Can Central Bank Digital Currencies Improve Monetary Policies?
Banks are certainly not sitting on the sidelines, especially as some central banks such as China’s PBoC are developing cryptocurrency projects since 2014. In an effort to turn disruptive technologies simply into technologies, financial institutions will adopt blockchain and cryptocurrencies. However, can central bank digital currencies tame a wild beast and do they have some additional benefits?
Initially laughed off by financial institutions, cryptocurrencies have caught the attention of banks after years of development and success. Instead of fighting the ever-rising disruptive technology, banks have decided to adopt cryptocurrencies and blockchain technology by planning to issue central bank digital currencies (CBDC).
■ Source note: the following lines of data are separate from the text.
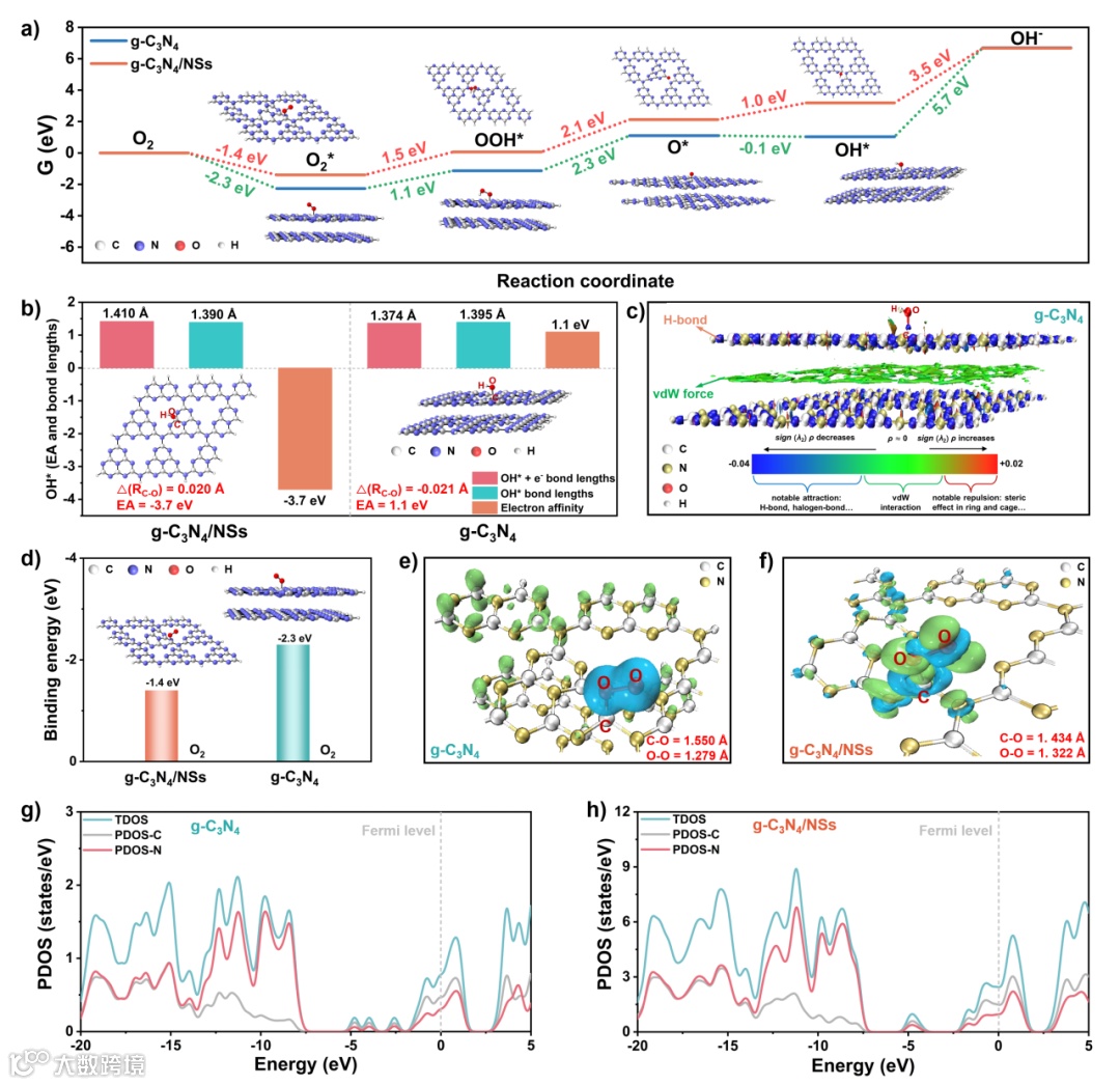 图5. 理论计算分析离域电子改变g-C3N4/NSs表面电子分布和电荷密度,增强了O2和关键中间体(OH*)的吸附和解吸行为。
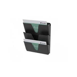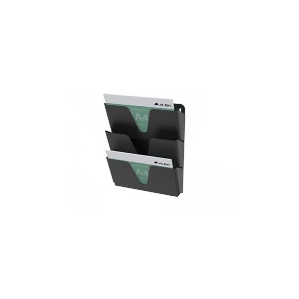 Držiak na prospekty, kovový, nástenný, horizontálny, A4, 3 priečinky, ALBA, čierny
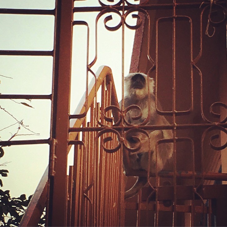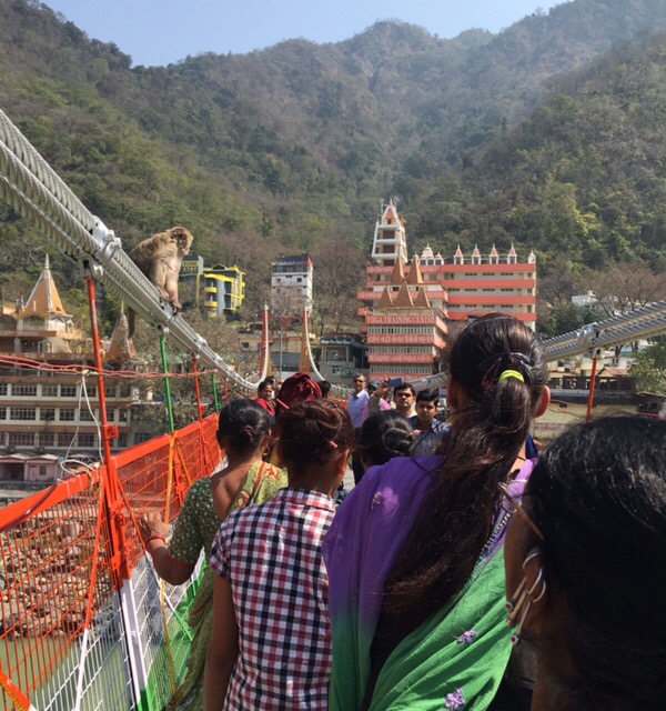 We are guided across a bridge wide enough for two motorbikes to pass one another, yet there are many motorbikes, people walking at varying speeds, many stopping to take photos of one another on the bridge with the mountains in the background – mostly Indians, this is a special vacation place or pilgrimage for them as well – cows, a man pulling a cart full of bags of rice with another man pushing from the other side, monkeys swinging from the suspension wires overhead, and us.

In 2017, the Bank of England was one of the first central banks to discuss the potential of a bank-issued cryptocurrency. China, who will soon release their own CBDC, started developing their own project in 2014 in an attempt to protect its own monetary policy against the eventual global adoption of the new digital asset class.
On 12 September 2019, the central bank governor of Chile Mario Marcel held a speech at the OECD Global Blockchain Policy Forum in Paris, discussing the prospects of integrating disruptive fintech technologies into the traditional economy. Marcel stated that central bank digital currencies could provide a flexible tool at a time where nations issue ‘unconventional monetary policies.’
In his speech, Marcel stated that cryptocurrencies such as Bitcoin could provide benefits to the traditional financial system. He added that disruptive technologies could address some issues that we currently have, such as transparency, cost, speed, security, and access.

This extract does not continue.